The dynamic allocatins are not important the only important code chunk is marked with comment:
// process all resolutions
Where for each mipmap there is only single for loop without any expensive operations. If your platform is better with branchless code you can compute the min,max using in-build brunchless functions min,max. Something like:
// process all resolutions
for (k=1;mmsiz[k];k++)
{
// halve resolution
for (i=0,j=0;i<mmsiz[k];i++)
{
a=mmdat0[k-1][j]; a0=a;
a=mmdat1[k-1][j]; j++; a1=a;
a=mmdat0[k-1][j]; a0=min(a0,a);
a=mmdat1[k-1][j]; j++; a1=max(a1,a);
mmdat0[k][i]=a0;
mmdat1[k][i]=a1;
}
}
This can be further optimized simply by using pointer to actually selected mipmaps that will get rid of the [k] and [k-1] indexes allowing one less memory access per each element access.

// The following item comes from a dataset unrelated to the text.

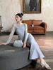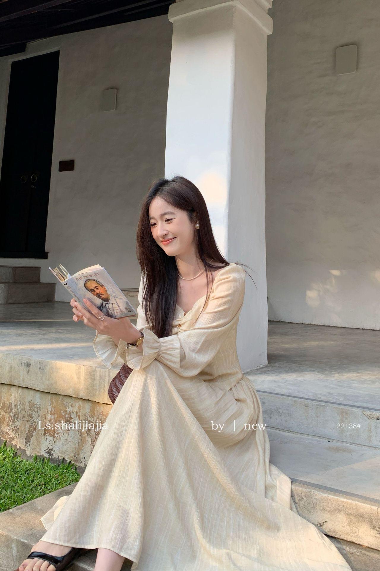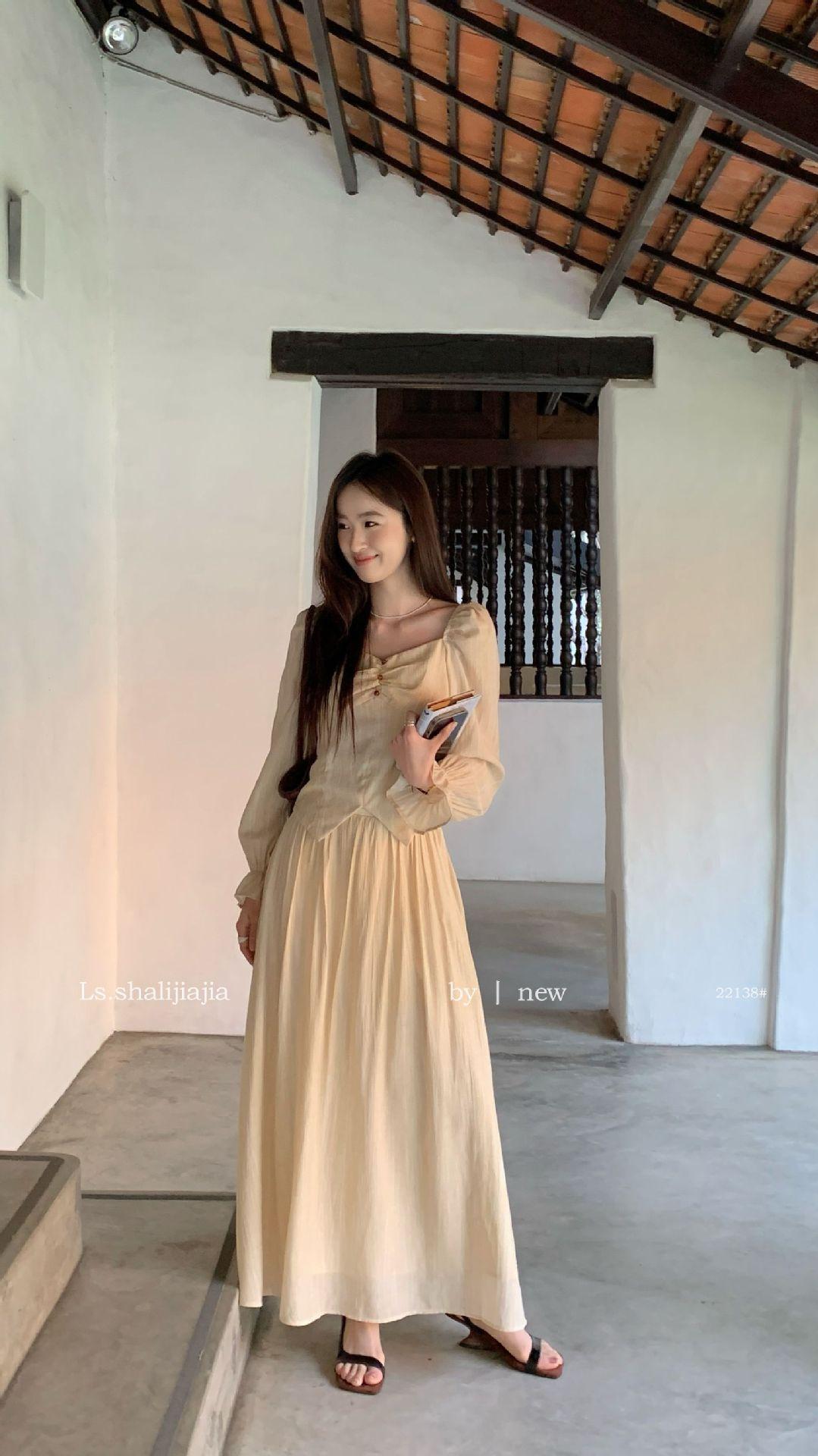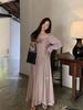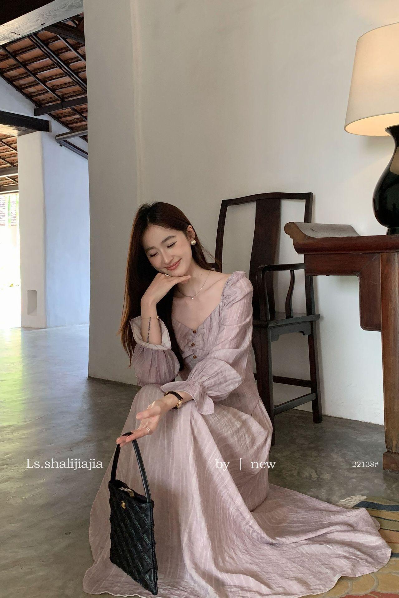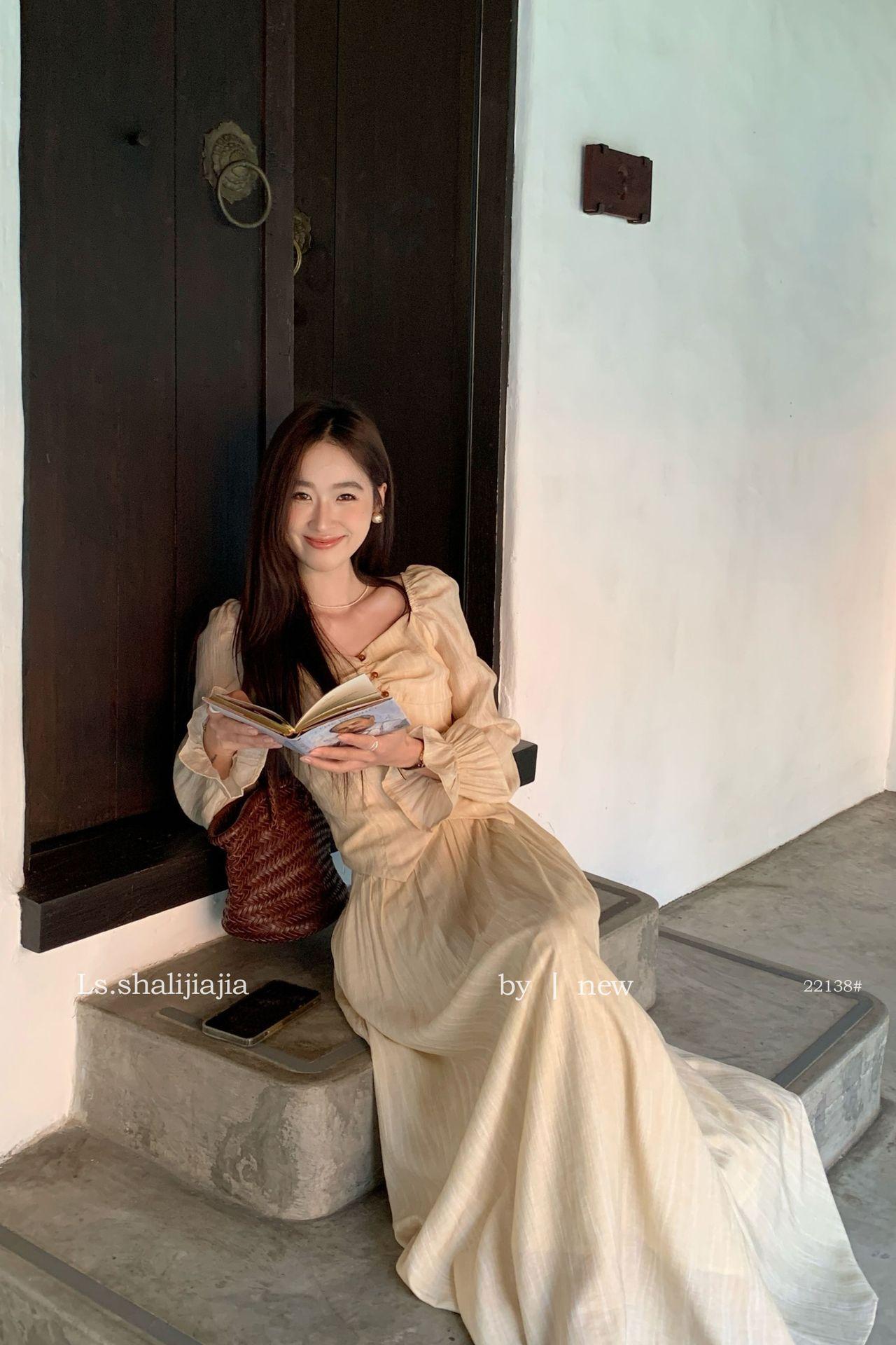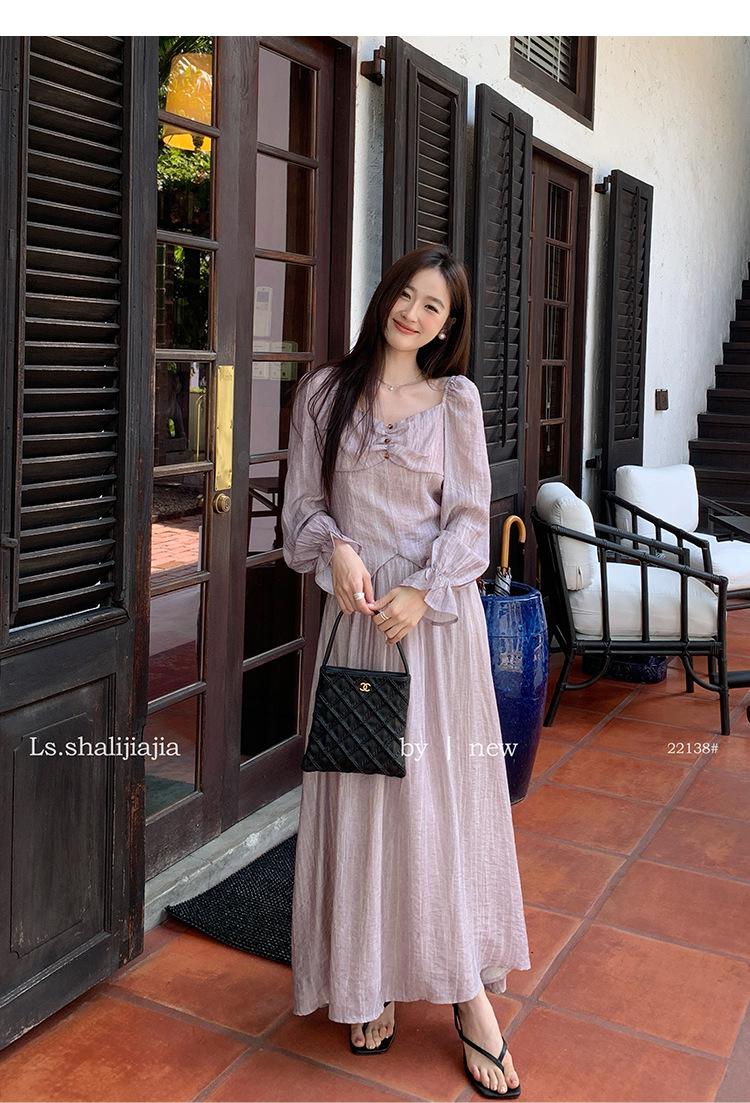 Conjunto de dos piezas de falda y top de cuello cuadrado suave de manga larga para mujer Guangzhou Trece Líneas 25 Años Primavera Nuevo traje 22138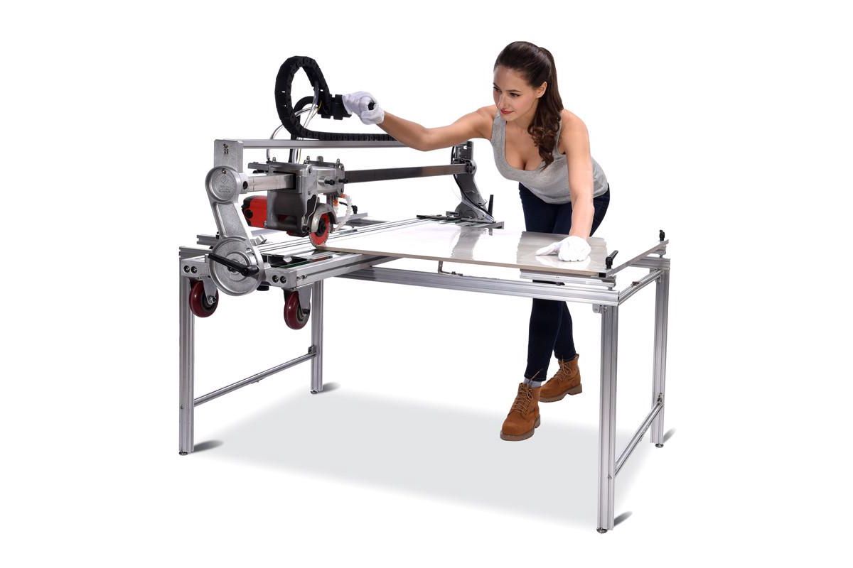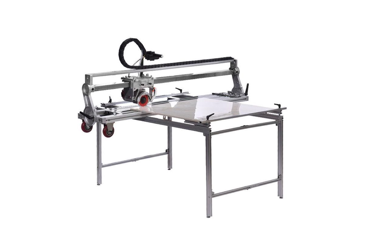 Станок для резки плитки мостового типа с рабочим столом и водяным охлаждением. Длина пропила 800 мм, мощность двигателя - 2300 W, 13000 об/минуту, отрезной диск 110-116 мм, лазерный указатель.

// process all resolutions
for (k=1;mmsiz[k];k++)
{
// halve resolution
int *p0=mmdat0[k-1];
int *p1=mmdat1[k-1];
int *q0=mmdat0[k];
int *q1=mmdat1[k];
for (i=0,j=0;i<mmsiz[k];i++)
{
a=p0[j]; a0=a;
a=p1[j]; j++; a1=a;
a=p0[j]; a0=min(a0,a);
a=p1[j]; j++; a1=max(a1,a);
q0[i]=a0;
q1[i]=a1;
}
}
Now all you need is to bilinearly interpolate between 2 mipmaps to achieve your resolution, here small example for this:
// actually rescaled output
int out0[samples]; // min
int out1[samples]; // max
int outs=0; // size
void resize(int n) // compute out0[n],out1[n] from mipmaps
{
int i,*p0,*p1,*q0,*q1,pn,qn;
int pc,qc,pd,qd,pi,qi;
int a,a0,a1,b0,b1,bm,bd;
for (i=0;mmsiz[i]>=n;i++); // find smaller resolution
pn=mmsiz[i];
p0=mmdat0[i];
p1=mmdat1[i]; i--;
qn=mmsiz[i]; // bigger or equal resolution
q0=mmdat0[i];
q1=mmdat1[i]; outs=n;
pc=0; pi=0;
qc=0; qi=0;
bm=n-pn; bd=qn-pn;
for (i=0;i<n-1;i++)
{
// bilinear interpolation (3x linear)
a0=q0[qi];
a1=q0[qi+1];
b1=a0+(((a1-a0)*qc)/n);
a0=p0[pi];
a1=p0[pi+1];
b0=a0+(((a1-a0)*pc)/n);
out0[i]=b0+(((b1-b0)*bm)/bd); // /bd might be bitshift right by log2(bd)
// bilinear interpolation (3x linear)
a0=q1[qi];
a1=q1[qi+1];
b1=a0+(((a1-a0)*qc)/n);
a0=p1[pi];
a1=p1[pi+1];
b0=a0+(((a1-a0)*pc)/n);
out1[i]=b0+(((b1-b0)*bm)/bd); // /bd might be bitshift right by log2(bd)
// DDA increment indexes
pc+=pn; while (pc>=n){ pi++; pc-=n; } // pi = (i*pn)/n
qc+=qn; while (qc>=n){ qi++; qc-=n; } // qi = (i*qn)/n
}
out0[n-1]=q0[pn-1];
out1[n-1]=q1[pn-1];
}
Beware target size n must be less or equal to highest mipmap resolution...
This is how it looks (when I change the resolution manually with mouse wheel):
The choppyness is caused by GIF grabber ... the scaling is fast and seamless in real.